In previous editorials we proposed that metformin, pioglitazone, empagliflozin and liraglutide in combination could complement each other to prevent cardiovascular events and save lives in patients with type 2 diabetes at high cardiovascular risk.3,4 We proposed that the accumulated evidence from multiple studies suggested that pioglitazone probably exerts its beneficial effects by slowing down, or even reversing, the atherosclerotic process, whereas empagliflozin seemed to reduce cardiovascular deaths and heart failure by an entirely different, more haemodynamic, mechanism as well as perhaps by increasing circulating ketone bodies, providing the failing myocardium with a more efficient fuel source.3-5 We proposed that liraglutide, by reducing cardiovascular outcomes but, in contrast to empaglifozin, not heart failure, seemed to exert its effect through mechanisms different from those of both pioglitazone and empagliflozin.4,5 We noted emerging evidence that sodium glucose transporter 2 (SGLT2) inhibitors might mitigate the fluid retention associated with pioglitazone,6 raising the possibility that pioglitazone and empagliflozin might complement each other, not only in reducing cardiovascular risk, but also in reducing side effects related to fluid retention.4,5 We pointed to the evidence that the early use of triple therapy combination of metformin, pioglitazone and a GLP-1 receptor agonist achieved lower HbA1c, weight loss and much less hypoglycaemia compared with the traditional approach of sequential escalation through metformin, sulphonylurea and insulin, which was associated with significant weight gain.7 We also noted that the SUSTAIN 6 trial provided further evidence of cardiovascular benefit from long-acting GLP-1 receptor agonists.5 Of note, the GLP-1 receptor agonist used in SUSTAIN 6 was similar to that used in LEADER and closely resembles native GLP-1. In contrast, exenatide, which was employed in the EXSCEL trial,8 differs significantly in structure from native GLP-1 and seems to have failed to demonstrate the same level of cardiovascular protection.8 This raises questions about whether GLP-1 receptor agonists will vary in the extent to which they reduce cardiovascular events in high risk diabetic patients.

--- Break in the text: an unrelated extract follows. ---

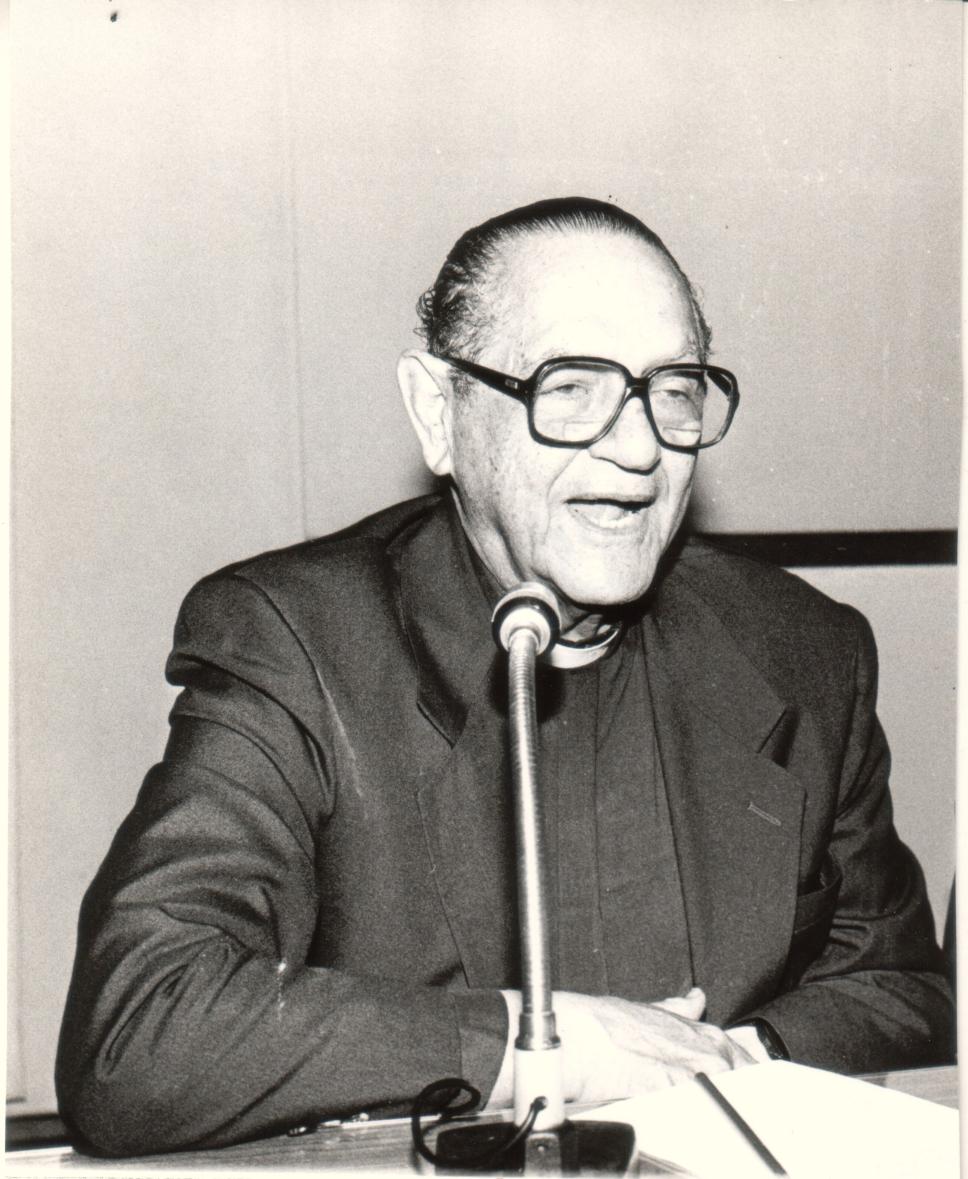 O pe. Laércio Dias de Moura S.J. no lançamento do seu livro intitulado Construindo a cidadania. A publicação foi lançada em uma reunião da Associação Comercial do Rio de Janeiro.

In line with previous cardiovascular outcome studies, CANVAS studied patients at high cardiovascular risk and assessed, as its primary outcome, three-point Major Adverse Cardiovascular Events (3-point MACE: cardiovascular death, non-fatal myocardial infarction and non-fatal stroke).1,2 Similar to the presentation of EMPA-REG OUTCOME in 20153 and LEADER in 2016,4 the CANVAS findings shown in Figure 1a1 were once again greeted with loud applause in the packed auditorium. The 14% reduction in 3-point MACE (HR 0.86 (95% CI 0.75 to 0.97))1,2 was almost identical to that from EMPA-REG OUTCOME (HR 0.86 (95% CI 0.74 to 0.99)).9 Furthermore the 33% reduction in hospitalisation for heart failure (HR 0.67 (95% CI 0.52 to 0.87)) in CANVAS1,2 was similar to the 35% reduction found in EMPA-REG OUTCOME (HR 0.65 (95% CI 0.50 to 0.85)).9 The similarity of the hospitalisation for heart failure curves (Figure 2), including the immediate separation between placebo versus canagliflozin and empagliflozin treatment groups suggests that the haemodynamic benefits proposed for empagliflozin3 also are seen with canaglifozin.
Given the similarities of the results from CANVAS and EMPA REG OUTCOME can we assume that the cardiovascular benefits of the two SGLT2 inhibitors are the same – representing a class effect? Professor David Matthews, summing up the presentation of the CANVAS study in San Diego1 showed the main outcomes of CANVAS and EMPA-REG OUTCOME on the same slide (Figure 3) and suggested that the results from the two trials were broadly in agreement. Nevertheless, it should be noted that although the results of 3-point MACE (HR=0.86) are almost identical, the contribution of the individual components of 3-point MACE are different. Cardiovascular death was reduced to a greater extent in EMPA-REG OUTCOME (Figure 3) compared to CANVAS. Further, the effect on cardiovascular death in EMPA-REG OUTCOME was highly statistically significant (HR = 0.62, p<0.001) (Figure 3), whereas none of the individual components of the 3-point MACE in CANVAS achieved statistical significance (Figure 3). There was a non-significant decrease in myocardial infarction in EMPA-REG OUTCOME which was offset by a non-significant increase in stroke (Figure 3). Thus, on the surface it appears as though the effect of canagliflozin and empagliflozin on the individual components of 3-point MACE may have differed in CANVAS and EMPA REG OUTCOME, although subgroup analyses are known to be hazardous.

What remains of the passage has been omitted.